Derek Kinder

No. 83
- Position: Wide receiver

Personal information
- Born: May 25, 1986 (age 40) Albion, New York, U.S.
- Listed height: 6 ft 1 in (1.85 m)
- Listed weight: 210 lb (95 kg)

Career information
- High school: Albion (NY)
- College: Pittsburgh
- NFL draft: 2009: 7th round, 251st overall pick

Career history
- Chicago Bears (2009)*;
- * Offseason or practice squad member only

Awards and highlights
- First-team All-Big East (2006);

= Derek Kinder =

American football player (born 1986)

Derek Kinder (born May 25, 1986) is an American former football wide receiver.

He attended Albion High School in Albion, New York, where he was a star athlete in football, baseball, and basketball. As a senior, he scored 33 touchdowns, rushed for 1,705 yards, and intercepted eight passes.
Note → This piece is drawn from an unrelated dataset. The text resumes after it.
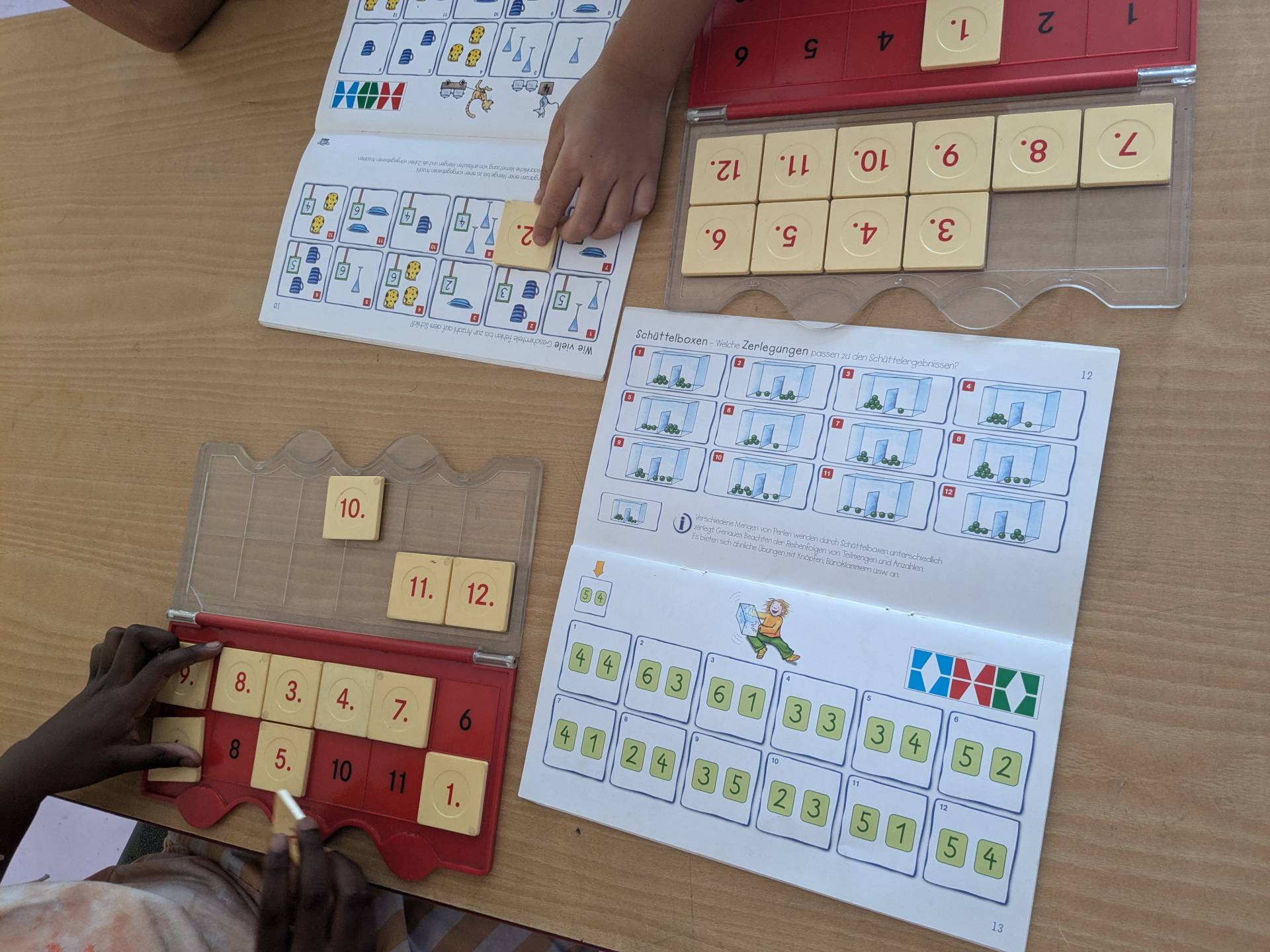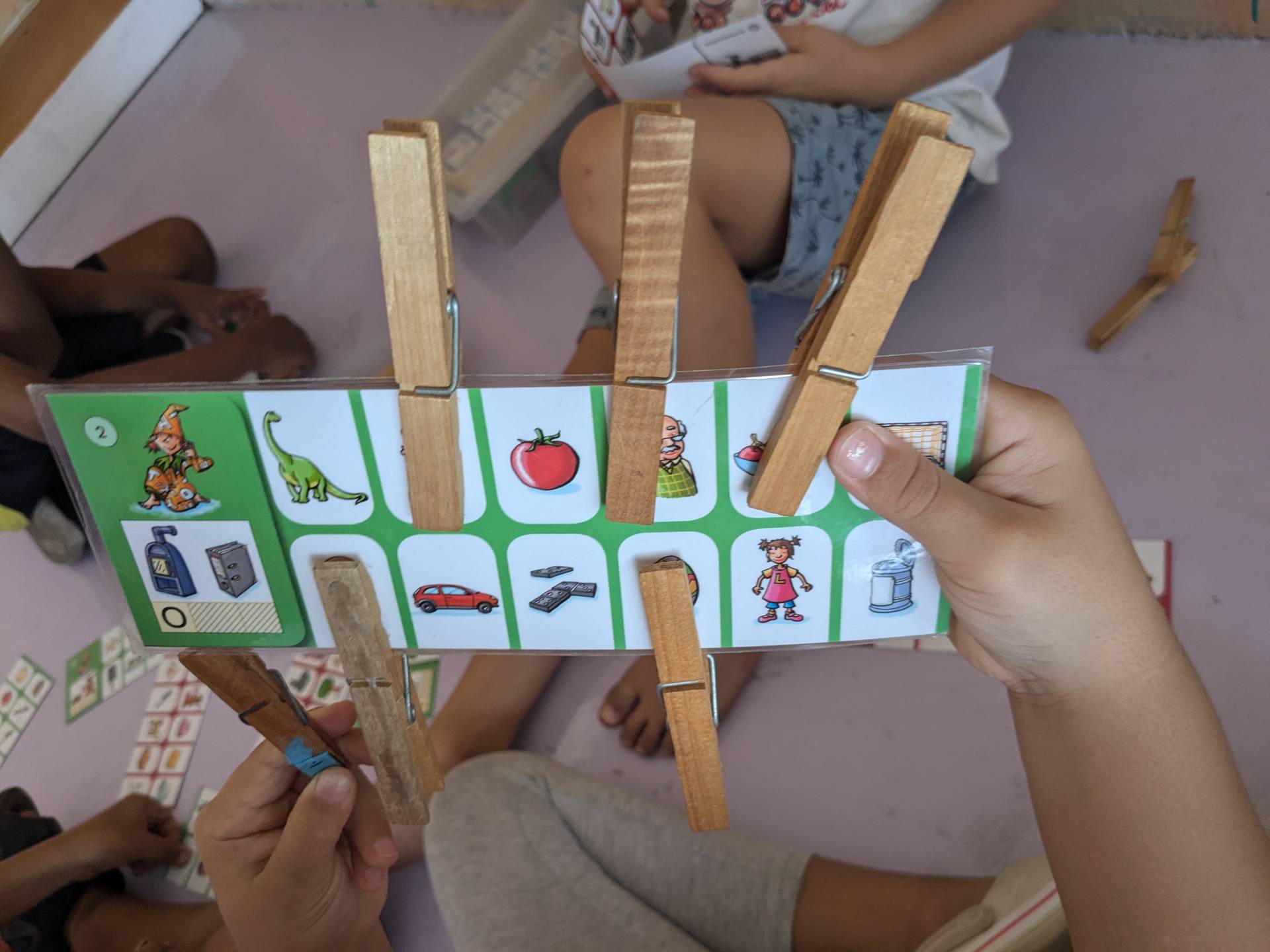In preschool, we use various tools to reinforce what has been learned. Which sounds do you hear at the beginning of a word? Attach a clothespin. Count things and find the matching number, then place the correct tile. We also work with the Anton app, which the kids always enjoy.

In December 2003, Kinder accepted a football scholarship from the University of Pittsburgh. As a junior in 2006, he tallied 57 receptions for 847 yards and six touchdowns and was selected as a first-team All-Big East player. He was a finalist for the ESPY Award for the "best play" in sports in 2006 for a "devastating hit that leveled two Mountaineer players" on a 73-yard punt return.

Kinder missed the 2007 season due to a knee injury. He made a comeback in 2008 and caught 36 passes for 422 yards.

He was drafted in the seventh round of the 2009 NFL draft by the Chicago Bears. On August 31, 2009, he was released by the Bears.